Geox is an Italian brand of shoe and clothing manufactured with waterproof/breathable fabrics.

Corporate history

The company was founded in 1995 by Mario Polegato. The brand name, Geox, was created from a mixture between the Greek word “geo” (earth), and “x”, a letter-element symbolizing technology.

Polegato was born in 1952 near Treviso. Originally groomed to take over the family wine-making business, company promotional material has it that the idea for the shoe came when he participated in a wine industry conference in Reno; while out jogging in Reno's hot desert climate, his feet got hot from the exertion and he had the idea to cut a couple of holes in the soles of his shoes with a Swiss Army knife.

He developed the idea into a viable product with the help of a small leather-goods business his family owned.

After unsuccessfully pitching his invention to several established footwear manufacturers, but after having passed the market testing phase for a line of children’s footwear, Polegato began large-scale production of shoes under the Geox brand name.
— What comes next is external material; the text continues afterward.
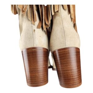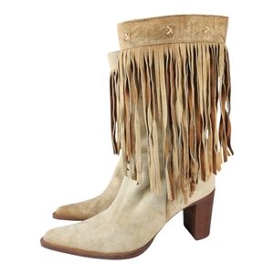 Carlos Falchi Fiorina Suede Leather Fringe Cowgirl Boots 3" Heel Mid-Cal…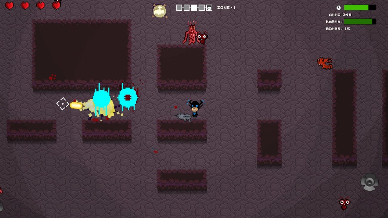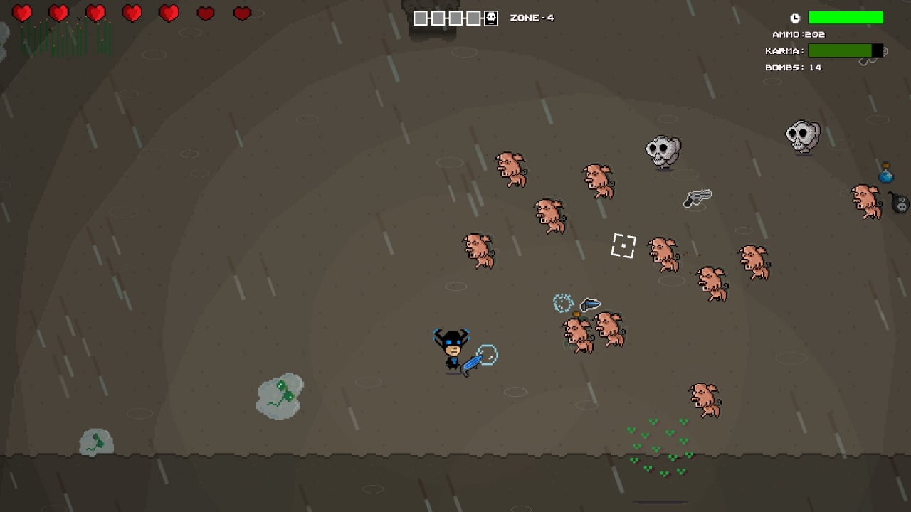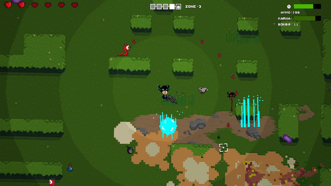 Расстрел врагов из смертельного оружия здесь не приветствуется. Лучше попробовать изловчиться пройти начиненные агрессивными формами жизни локации, применяя преимущественно второй тип пушки на вражьей тушке – пузырестрел, не причиняющий нападающим никакого вреда, зато повышающий скорость и внутренний свет протагониста. Чем сильнее дух носителя короны, тем ярче его аура. Впрочем, оптимальную тактику геймплея игрок подбирает сам. Отстрел живности и спортивные забеги рекомендуется чередовать в зависимости от окружения и ситуации. Боссов, кстати, тоже никто не отменял. Игра поддерживает все типы контроллера и порадует наличием таблицы достижений.

That same year, he improved the original patent and extended the product range to men’s and women’s footwear.

On September 8, 2020, Geox filed for bankruptcy in Canada.

Production sites are in China, Indonesia and Vietnam. In July 2021, Geox announced the closure of its Vranje plant in Serbia. The plant was opened in 2015. This closure will lead to the loss of 1,200 jobs.

Research and development
The Geox group has consistently invested in innovation, ever since it was founded. Its Montebelluna head offices are host to R&D facilities, which are unique in their kind. Here, 15 engineers, chemists and physicists are employed in research on perspiration and human-generated heat-movement patterns, testing all materials used in their footwear and manufacturing clothing.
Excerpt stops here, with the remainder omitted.